— Task to complete —
Copy out exactly, from the entries that follow, the line holding "Embroidered Salwar Kameez", the line holding "西日本高速道路エンジニアリン", and all lines between them, but no pictures.
[The data]
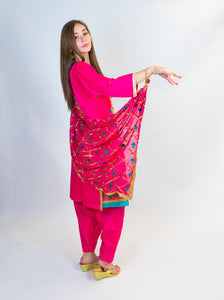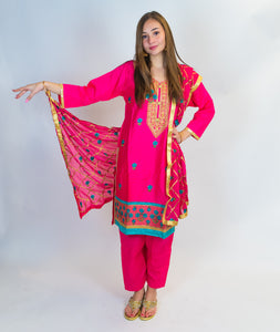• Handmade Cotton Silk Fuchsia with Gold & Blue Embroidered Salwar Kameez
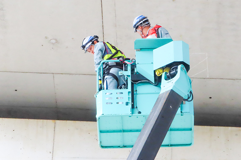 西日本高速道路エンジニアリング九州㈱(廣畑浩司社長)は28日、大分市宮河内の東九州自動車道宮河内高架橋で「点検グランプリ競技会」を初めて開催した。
[/The data]
[The data]
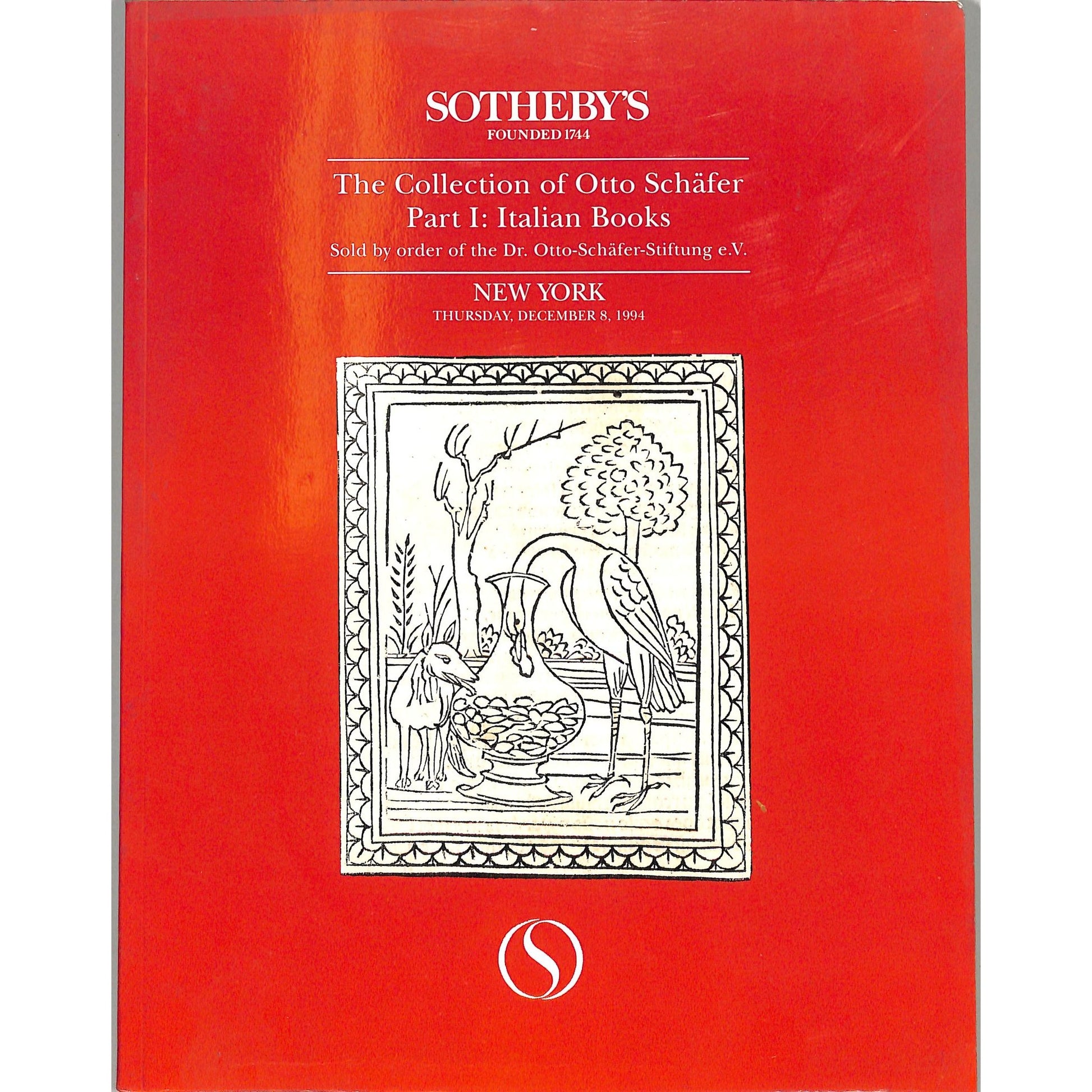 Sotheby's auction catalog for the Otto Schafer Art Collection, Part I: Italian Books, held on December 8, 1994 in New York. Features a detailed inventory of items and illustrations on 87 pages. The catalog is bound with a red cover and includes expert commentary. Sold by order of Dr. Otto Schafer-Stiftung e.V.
[/The data]
— Written answer —
• Handmade Cotton Silk Fuchsia with Gold & Blue Embroidered Salwar Kameez
 西日本高速道路エンジニアリング九州㈱(廣畑浩司社長)は28日、大分市宮河内の東九州自動車道宮河内高架橋で「点検グランプリ競技会」を初めて開催した。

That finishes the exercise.